Olga Estrela Magalhães, Centro de Investigação em Tecnologias e Serviços de Saúde, Faculdade de Medicina, Universidade do Porto, Porto, Portugal

Olga Estrela Magalhães é doutorada em ciências da comunicação pela Universidade do Minho, especializada em assessoria mediática na área da investigação em saúde. É investigadora do CINTESIS – Centro de Investigação em Tecnologias e Serviços de Saúde e coordenadora da Unidade de Gestão de Comunicação da Faculdade de Medicina da Universidade do Porto. Os seus interesses de investigação incluem as áreas de comunicação de saúde, comunicação de ciência, jornalismo e assessoria mediática.

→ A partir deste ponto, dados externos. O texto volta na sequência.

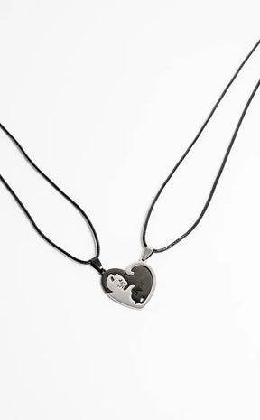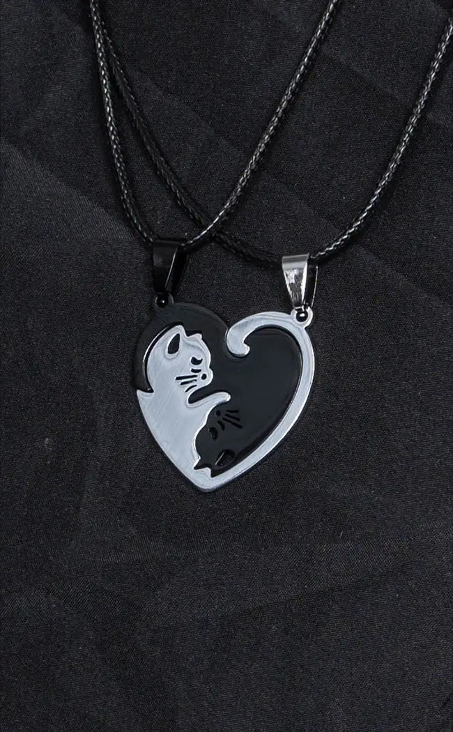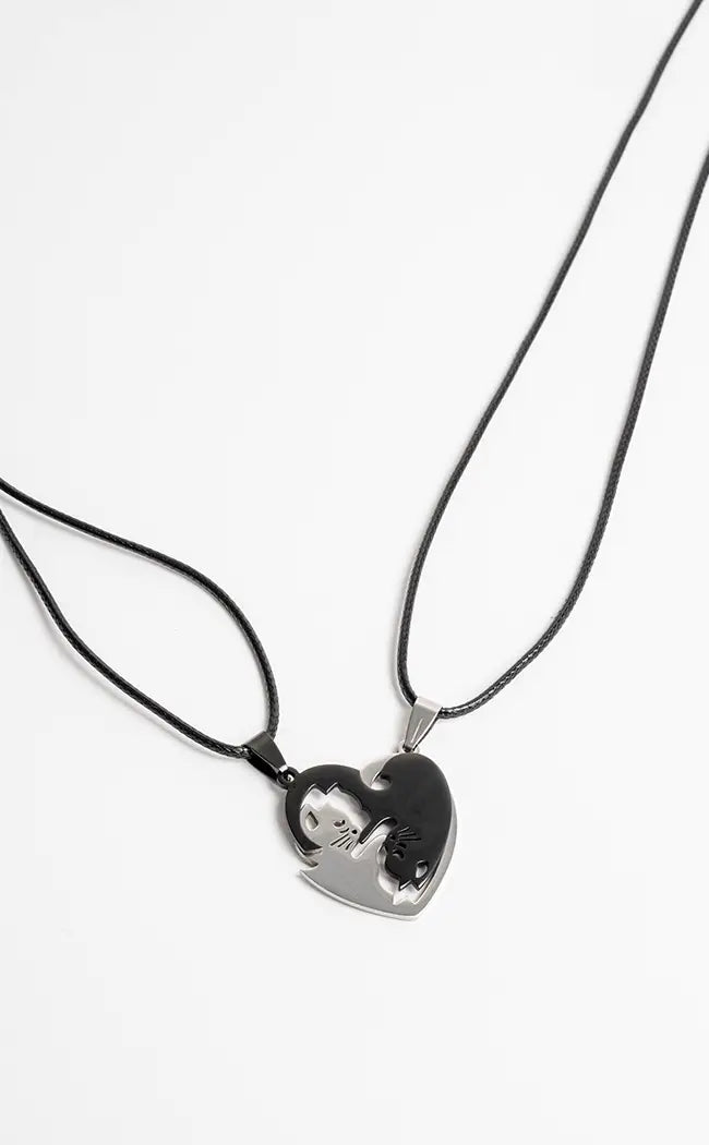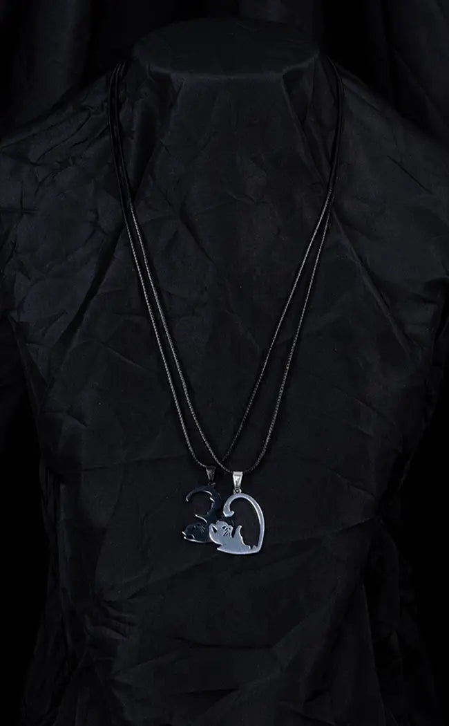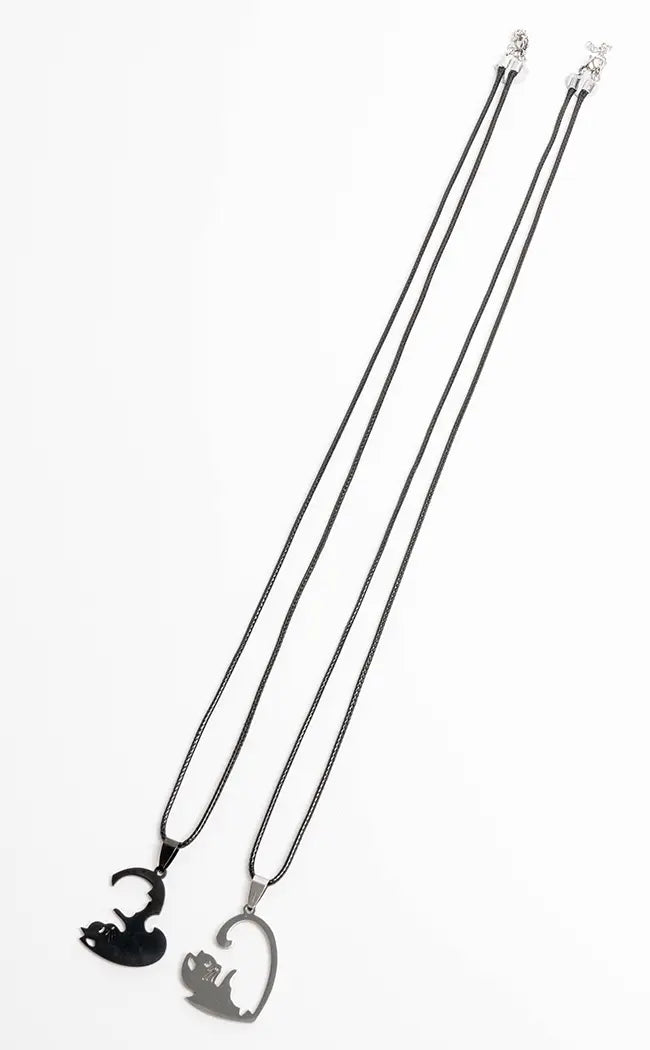 Each necklace has a pendant featuring half of a cat symbol in silver and black, which comes together like a puzzle piece. This necklace makes the perfect gift.

Clara Almeida Santos, Centro de Estudos Interdisciplinares, Faculdade de Letras, Universidade de Coimbra, Coimbra, Portugal

Clara Almeida Santos é professora auxiliar no Departamento de Filosofia, Comunicação e Informação da Faculdade de Letras da Universidade de Coimbra e investigadora integrada no Centro de Estudos Interdisciplinares. Doutorada em ciências da comunicação, foi vice-reitora da Universidade de Coimbra para a Cultura, Comunicação, Património e Antigos Estudantes entre 2011 e 2018. Jornalista de formação, trabalhou no Canal de Notícias de Lisboa e na SIC, onde exerceu funções fundamentalmente na SIC Online como repórter e editora. Foi docente na Escola Superior de Educação de Coimbra e diretora de comunicação da Interacesso. Exerceu também funções de editora da revista Rua Larga, da reitoria da Universidade de Coimbra. Tendo participado em diversos projetos europeus relacionados com o diálogo intercultural e com os media, foi consultora do Conselho da Europa no âmbito da campanha “Speak Out Against Discrimination” (Falar Contra a Discriminação).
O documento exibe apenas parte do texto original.